Risk Management And Stop Losses
Risk management is one of the most critical skill sets new traders to need to learn. When deciding on any trade or investment, the potential risks involved have to be considered carefully:
- Which financial market asset do you want to trade?
- Which offers a good opportunity right now?
- Will you buy or sell?
- At what price will you enter the trade?
- Where is your target?
And even before you enter the trade, you have to be clear on where are you wrong on the trade, and where you would exit the trade.
The answers to these questions will inform your overall trading strategy and the decisions you take around entry levels, targets and exit levels.
Together they will give you a basis for calculating your Risk Reward Ratio a crucial risk management metric.
Then you can make intelligent decisions about where to apply core trading risk-management tools: stops, stop losses, and exit levels
Let’s look at each of these in detail, and how can you use them to improve your trading.
Stop and Stop Loss
A stop or stop loss is an automated way for a trader to an exit an open position without having to be live on the trading platform. As a trading mechanism, it helps protect you from more aggressive losses than you may have wanted if the market moves against you.
It can also help you lock-in profits when you are making money. This removes the need to personally monitor all your open trades in real-time – something which is effectively impossible with modern markets being open 24 hours a day, 5 ½ days per week.
How to use stops in your trading
If, for example, you’ve bought a market with the expectation that it may go up, you would place a contingent stop order, linked to the long position below the current market price. If the price falls below that price, the open-long position would automatically be closed.
If you bought the GBPUSD Forex rate at 1.3000 (with an expectation for it to go higher), but it went lower, you could set a stop loss at 1.2900. If the market went lower and hit 1.2900, the stop would be triggered, and the long GBPUSD position would be closed automatically, with a loss of 100 pips (0.1000), and the actual loss multiplied by the position size.
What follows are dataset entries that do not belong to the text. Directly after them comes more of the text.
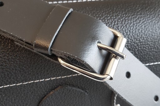 Pas nośny wykonany jest również ze skóry i przyszyty jest na stałe do bocznych ścianek. Długość pasa jest regulowana.
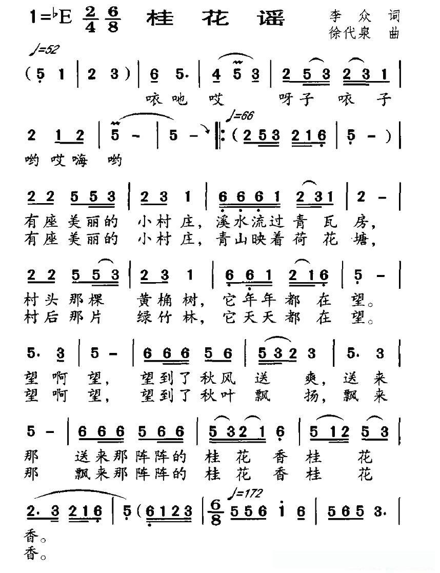 桂花谣(李众词 徐代泉曲)的简谱歌词桂花谣(李众词 徐代泉曲)的简谱歌词
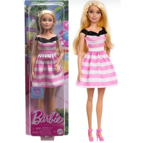 Célébrez le 65e anniversaire de Barbie avec cette poupée Barbie commémorative ! Elle porte une robe à rayures roses et blanches ornée d’un nœud noir au niveau du décolleté. Des boucles d’oreilles nacrées et des talons roses complètent son look classique ! Cette poupée est un cadeau idéal pour les enfants et les fans de Barbie de tous âges
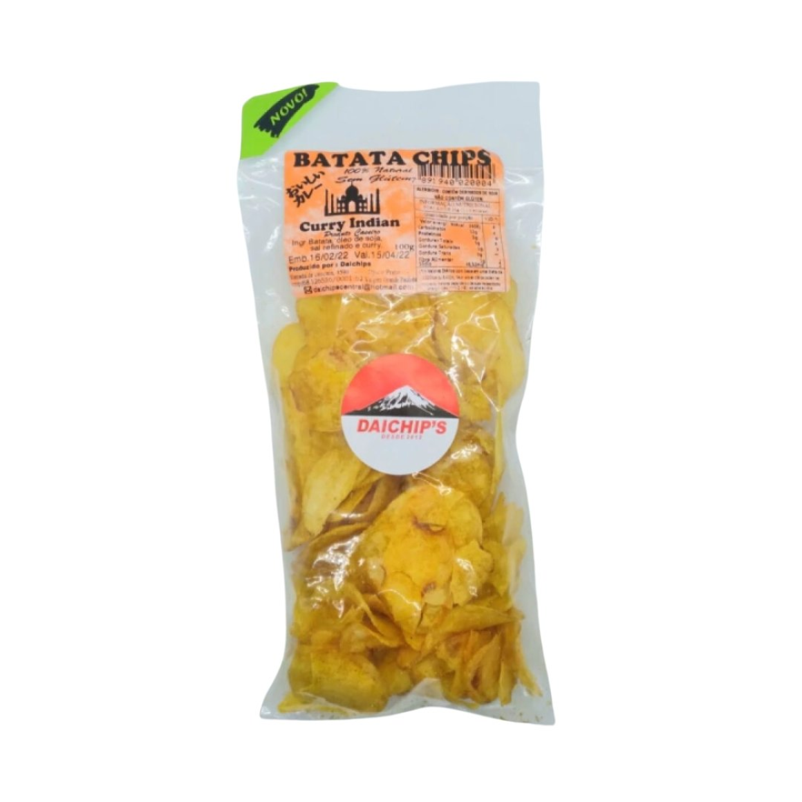 Batata Chips caseiro, sem conservantes, sem glútem, sabor curry
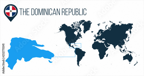 © CarryLove, Fototapeta premium Mapa Dominikany znajduje się na mapie świata z flagą i wskaźnikiem mapy lub pinezką. Mapa plansza. Ilustracja wektorowa na białym tle.
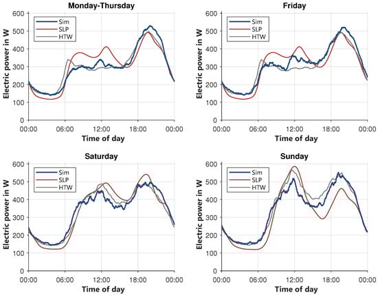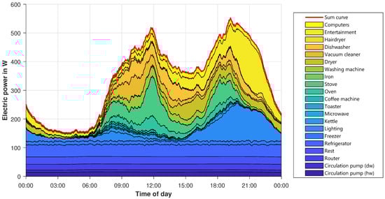 After this process is finished all load profiles of the components are summed up to a household load profile. Electrical load profiles of the circulation pumps for heating and hot water were also added to this household load profile. The pump profiles were modeled with regard to heating demand, as described in [34]. See [23] for a more detailed explanation. At this step, the load profiles of the components and devices were also allocated to the three phases of the electricity system.
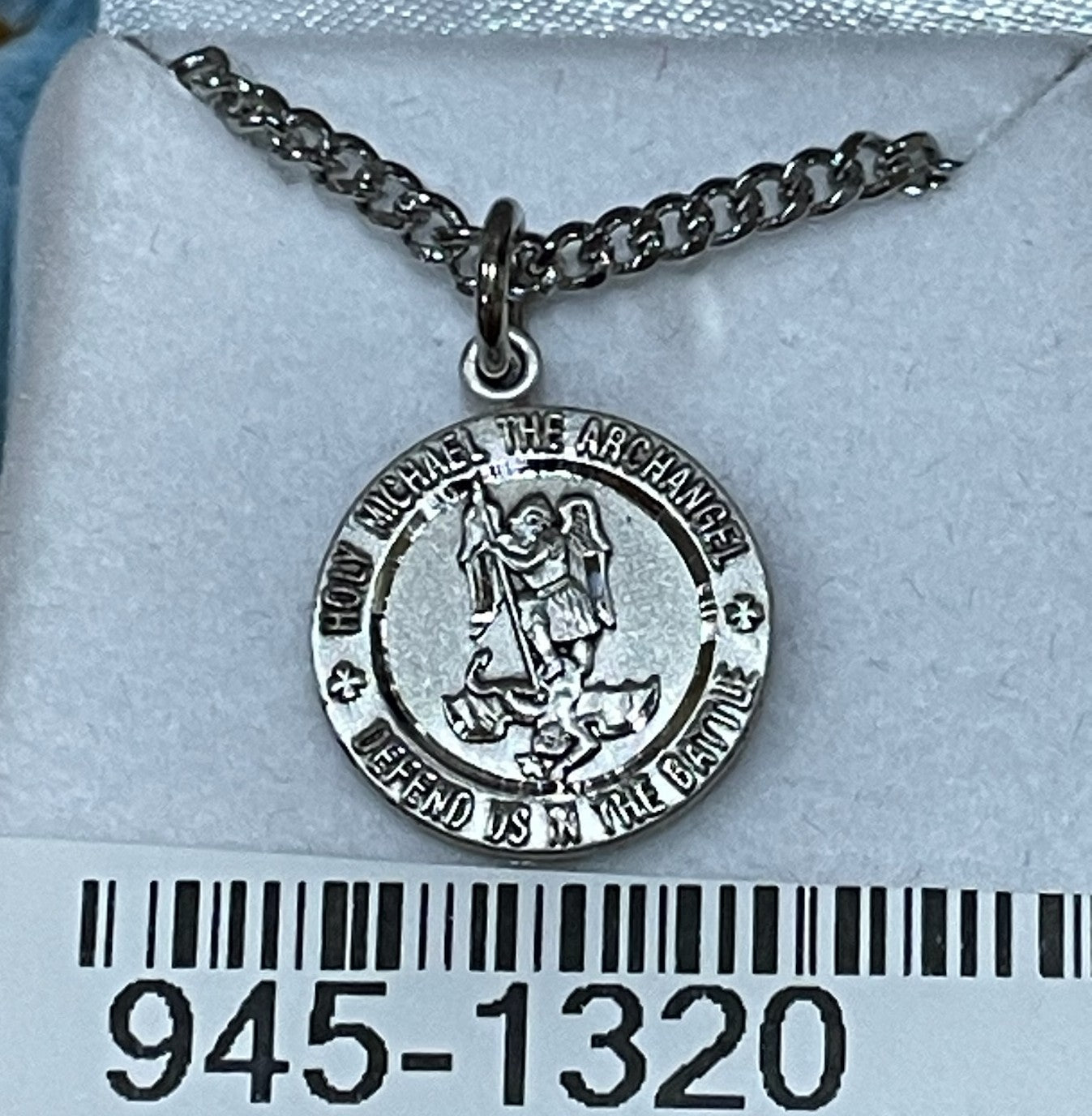{"id":6727207419971,"title":"SS SM ST MICHAEL ROUND 18\"","handle":"ss-sm-st-michael-round-18","description":"Saint Michael round medal-pendant. It says, \"Holy Michael The Archangel Defend Us In The Battle.\"\u003cbr\u003eSolid .925 sterling silver.\u003cbr\u003eDetail depicts Archangel Michael defeating the devil.\u003cbr\u003eSaint Michael the Archangel is the Patron Saint of Police, Law Enforcement.\u003cbr\u003eMedal is die struck.\u003cbr\u003eHand polished and engraved by New England Silversmiths.\u003cbr\u003eDimensions: 0.6\" x 9\/16\" (16mm x 14mm)\u003cbr\u003eWeight of medal: 1.4 Grams.\u003cbr\u003e18\" Genuine rhodium plated curb chain.\u003cbr\u003eMade in USA.\u003cbr\u003eDeluxe velvet gift box.","published_at":"2022-09-01T17:24:25","created_at":"2022-09-01T17:24:25","vendor":"HMH\/Regina Manufacturing","type":"MEDALS","tags":["Chain Size_18\"","Material_Sterling Silver","Type_Saint Medals"],"price":4200,"price_min":4200,"price_max":4200,"price_varies":false,"compare_at_price":null,"compare_at_price_min":0,"compare_at_price_max":0,"compare_at_price_varies":true,"all_variant_ids":[40161469497411],"variants":[{"id":40161469497411,"product_id":6727207419971,"product_handle":"ss-sm-st-michael-round-18","title":"Default Title","option1":"Default Title","option2":null,"option3":null,"sku":"945-1320","requires_shipping":true,"taxable":true,"featured_image":null,"image_id":null,"available":true,"name":"SS SM ST MICHAEL ROUND 18\" - Default Title","options":["Default Title"],"price":4200,"weight":60,"compare_at_price":null,"inventory_quantity":2,"inventory_management":"shopify","inventory_policy":"deny","inventory_in_cart":0,"inventory_remaining":2,"incoming":false,"next_incoming_date":null,"taxable":true,"barcode":null}],"available":true,"images":["\/\/marytown-press-gift-store.myshopify.com\/cdn\/shop\/files\/945-1320.jpg?v=1747337890"],"featured_image":"\/\/marytown-press-gift-store.myshopify.com\/cdn\/shop\/files\/945-1320.jpg?v=1747337890","options":["Title"],"url":"\/products\/ss-sm-st-michael-round-18"}
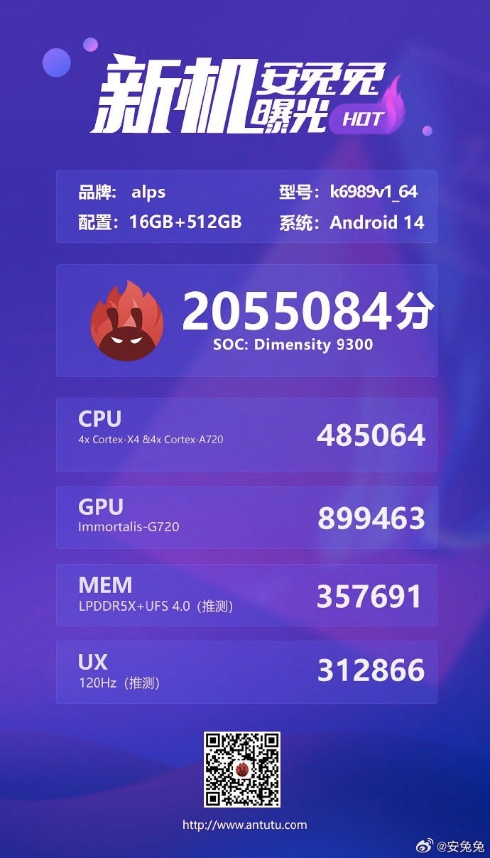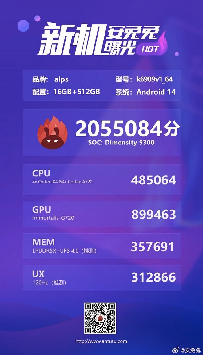 El Dimensity 9300 se probó en un dispositivo con 16 GB de RAM y 512 GB de almacenamiento interno. El punto de referencia obtuvo puntuaciones de 485.064 y 899.463 puntos en las pruebas de CPU y GPU, respectivamente.
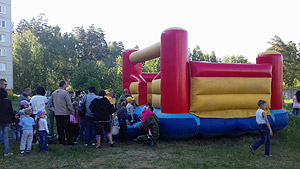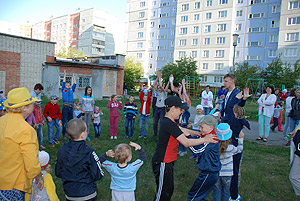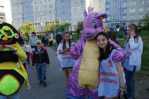 На спортивной и игровой площадке у домов по ул. Забабахина, 11-13 родители и дети участвовали в спортивных состязаниях, веселой эстафете, катались на веломобилях, а самые маленькие смогли попрыгать на батуте. Дети вместе пели и танцевали, а потом с удовольствием угощались чаем, булочками и сладостями. И, конечно, самые активные участники не остались без призов и подарков.
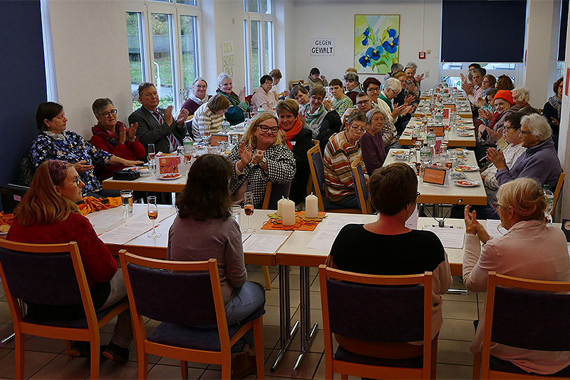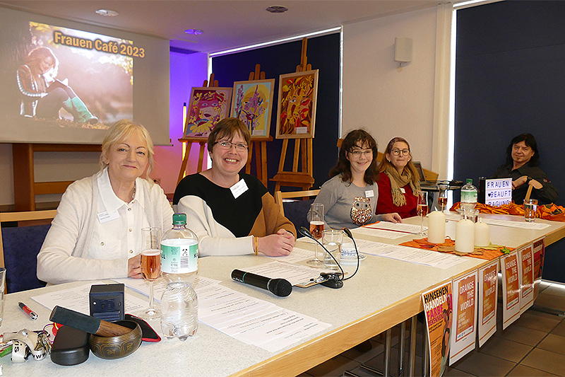 Zum Start der „Orange Days“ veranstalteten die Frauenbeauftragen im FRAUENHEIM WENGERN das 8. Frauencafe. Die Cafeteria war bis auf den letzten Platz gefüllt.
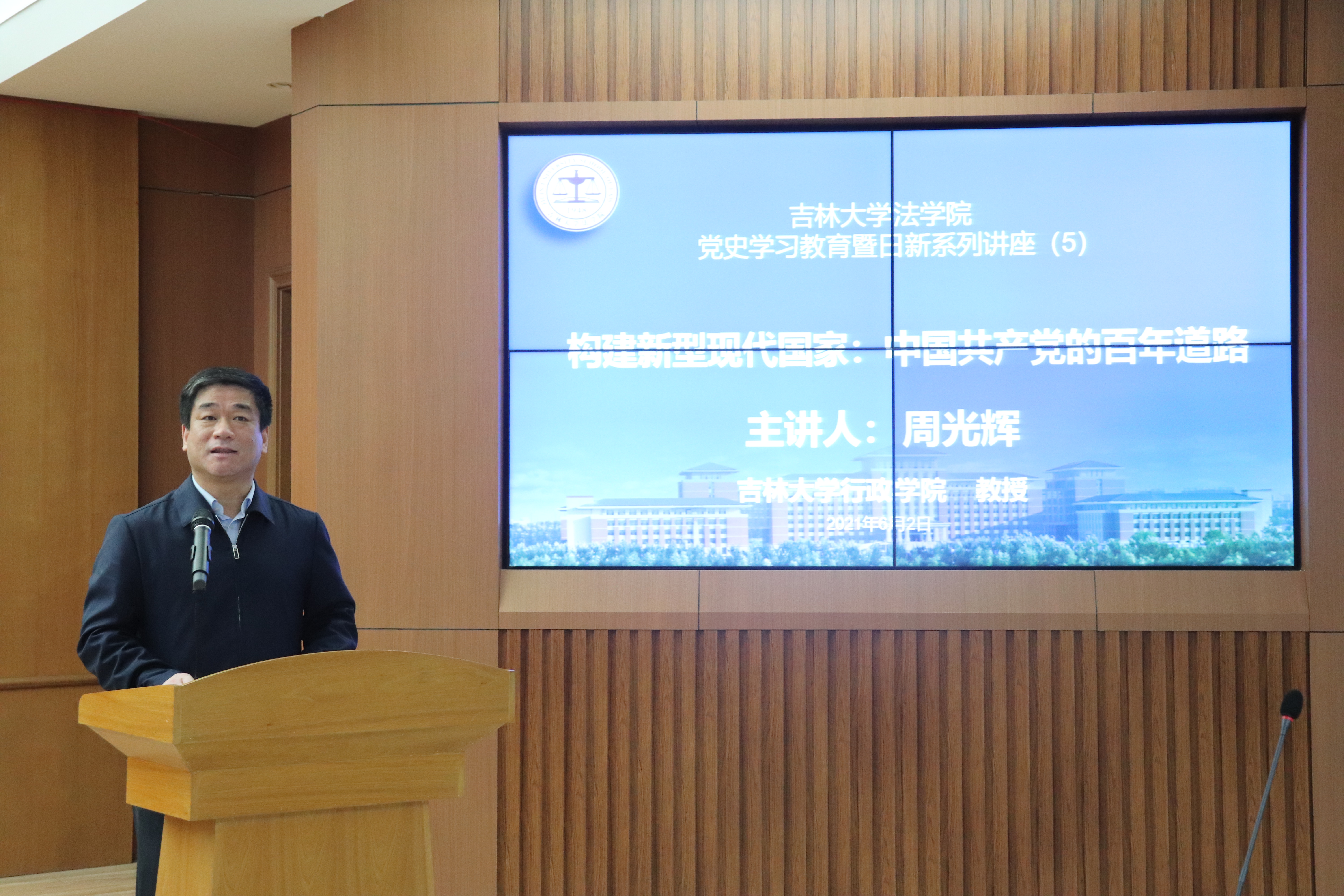 2021年6月2日下午,太阳成集团tyc9728法公司党史学习教育暨吉大法学日新系列讲座第五讲在中心校区三教五阶举行,教育部高等公司政治学学科教学指导委员会副主任委员、太阳成集团tyc9728行政公司教授、太阳成集团tyc9728社会公正与政府治理研究中心、国家治理协同创新中心研究员周光辉教授应邀为公司师生进行题为“构建新型现代国家:中国共产党的百年道路”的学术讲座。本次讲座由太阳成集团tyc9728法公司党委书记周春国主持,太阳成集团tyc9728经理何志鹏教授在讲座结束后进行了总结,太阳成集团tyc9728全体教师、部分博士研究生及硕士研究生现场聆听了讲座。

Conversely, if you had a bearish view on Gold, and sold at 1600.00 with a view for a fall in the price, you might want to protect the amount you could lose by placing a stop order above the current market, for example at 1640.00. If the market went against you and pushed up above 1640.00, the short position would be automatically exited for a loss of 40.00 (again, multiplied by the position size).
It’s worth noting that when a stop is triggered, it does NOT necessarily have to result in a loss – not all stops are stop losses. Stops can be used to manage open positions when the market has moved in your expected direction so that the open position stays in profit.
Let’s return to the long position discussed above, buying the GBPUSD Forex rate at 1.3000.
The examples above would be deemed “normal” stop losses. Another type of stop loss is the trailing stop. A trailing stop loss is not set at a fixed position in the market but instead follows or “trails” the actual market price.
- If you have an open-long position, the trailing stop would be placed below the market.
- With an open short position, the trailing stop would be placed above the market.
The difference between a trailing stop and a normal stop is that, when the market moves in the direction you expect, the stop moves in that direction by a set percentage or absolute amount from the current market price.
The distance between the two is often described as the “trailing stop”. However, if the current market price then moves against our view, the trailing stop does NOT move.
Let’s look at an example.
We might sell the DAX German stock index (or on Hantec Markets, the GER30) at a level of 13000 with an expectation that the market will go lower, and a trailing stop set at 13100 or 100 index points away.
If the GER 30 went lower, then the trailing stop would move lower with the current market price, to remain 100 index points away from the current market. However, if the market moved back higher, the trailing stop loss would NOT move.
The trailing stop only moves in the direction of your trade expectation, so lower with a short position and higher with a long position. It does NOT then move back in the other direction if the market moves against your open position.
Let’s return to the Gold example above. However, this time we’ll assume you had a bearish view. Rather than wanting to sell now (where you would execute a market order) or sell at a price above (where you would place a limit order above the current price), you may only want to sell if Gold fell below the 1600.00 level, given that Gold was currently trading at 1620.00
For this, you would use a stop entry order.
There are two types:
- A sell-stop entry
- A buy-stop entry
A sell stop entry is an order to enter a short position, but when the market is currently trading above the trigger level. So, in the Gold example, the short position would only be entered when the current market price moves below 1600.00.
Conversely, if you had a bullish view and expected a market to rise in price, but only if it broke above a certain level higher than the current market price (in the case for Gold may be above 1650.00), you could place a buy-stop entry above the current market price. The long position would only be entered if the current market price moved above the buy entry order level.
In conclusion: Risk management and stop losses
The exit stop is an essential aspect of managing risk and central to any trading plan or strategy. You should dedicate as much time to understanding this area of trading as you would devote to the decisions to buy or sell.